Start of Input data

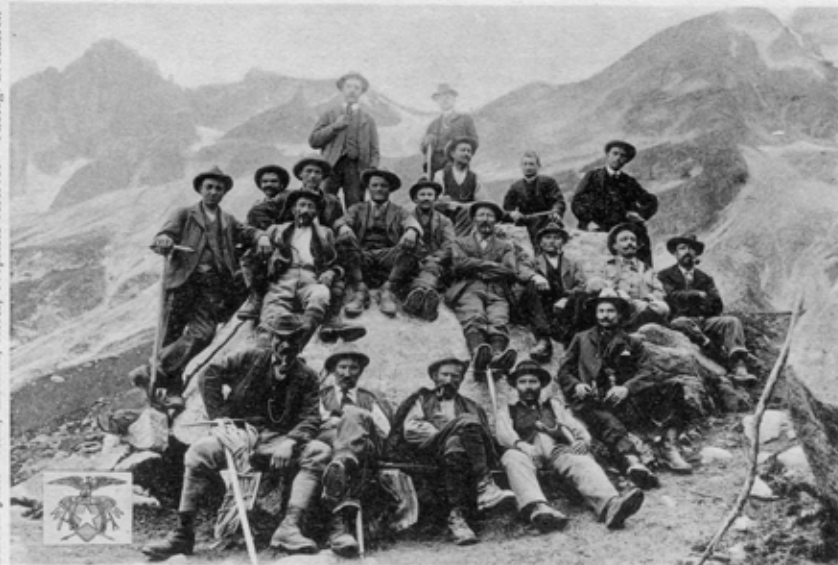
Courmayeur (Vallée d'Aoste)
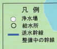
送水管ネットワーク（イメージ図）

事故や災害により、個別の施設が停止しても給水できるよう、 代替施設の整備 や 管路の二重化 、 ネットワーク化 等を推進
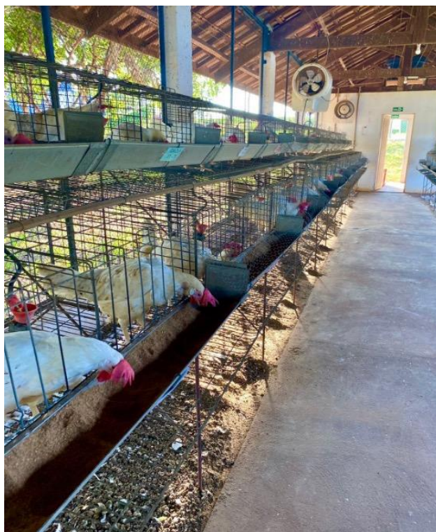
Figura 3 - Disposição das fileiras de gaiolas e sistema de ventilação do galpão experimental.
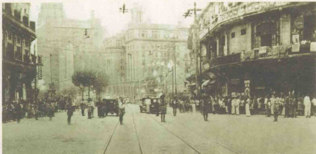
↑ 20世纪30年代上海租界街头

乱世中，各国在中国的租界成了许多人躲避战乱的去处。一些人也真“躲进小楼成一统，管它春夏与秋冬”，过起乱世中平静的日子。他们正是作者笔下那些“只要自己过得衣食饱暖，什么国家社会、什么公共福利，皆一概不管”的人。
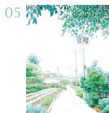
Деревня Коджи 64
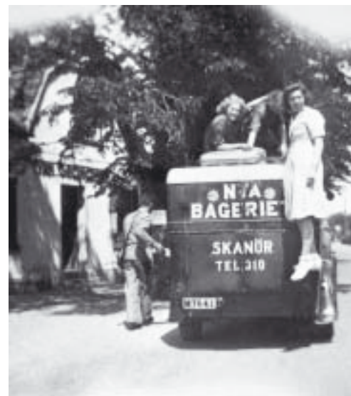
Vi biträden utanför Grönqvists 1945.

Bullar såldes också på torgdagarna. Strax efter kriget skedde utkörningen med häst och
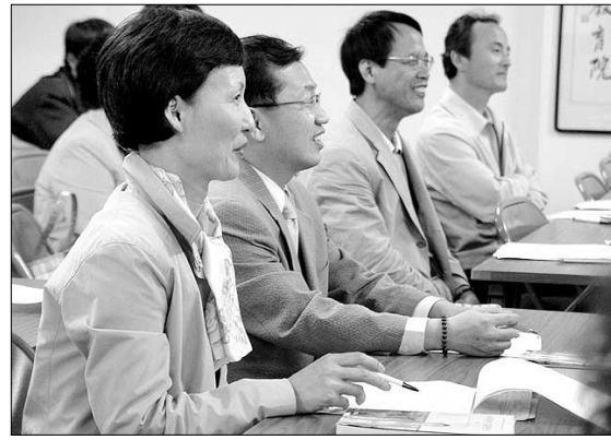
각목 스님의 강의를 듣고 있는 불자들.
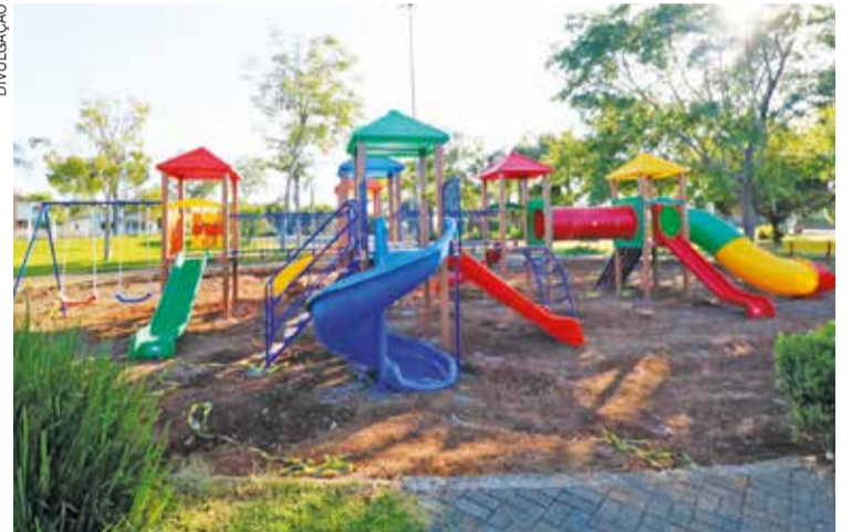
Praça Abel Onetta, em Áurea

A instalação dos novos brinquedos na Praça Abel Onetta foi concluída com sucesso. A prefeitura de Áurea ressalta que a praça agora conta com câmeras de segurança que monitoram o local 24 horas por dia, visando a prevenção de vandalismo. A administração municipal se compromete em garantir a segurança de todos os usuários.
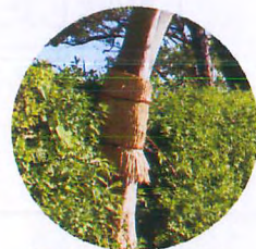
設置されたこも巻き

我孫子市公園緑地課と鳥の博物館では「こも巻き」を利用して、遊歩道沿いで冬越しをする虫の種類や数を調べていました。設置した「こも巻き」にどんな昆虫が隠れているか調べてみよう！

End of Input data

== What you need to do ==
Begin at the top of the records above and retype each line exactly until the line containing "Praça Abel Onetta, em Áurea", which is included. Skip all pictures.

== Exercise solution ==
Courmayeur (Vallée d'Aoste)
送水管ネットワーク（イメージ図）

事故や災害により、個別の施設が停止しても給水できるよう、 代替施設の整備 や 管路の二重化 、 ネットワーク化 等を推進
Figura 3 - Disposição das fileiras de gaiolas e sistema de ventilação do galpão experimental.
↑ 20世纪30年代上海租界街头

乱世中，各国在中国的租界成了许多人躲避战乱的去处。一些人也真“躲进小楼成一统，管它春夏与秋冬”，过起乱世中平静的日子。他们正是作者笔下那些“只要自己过得衣食饱暖，什么国家社会、什么公共福利，皆一概不管”的人。
Деревня Коджи 64
Vi biträden utanför Grönqvists 1945.

Bullar såldes också på torgdagarna. Strax efter kriget skedde utkörningen med häst och
각목 스님의 강의를 듣고 있는 불자들.
Praça Abel Onetta, em Áurea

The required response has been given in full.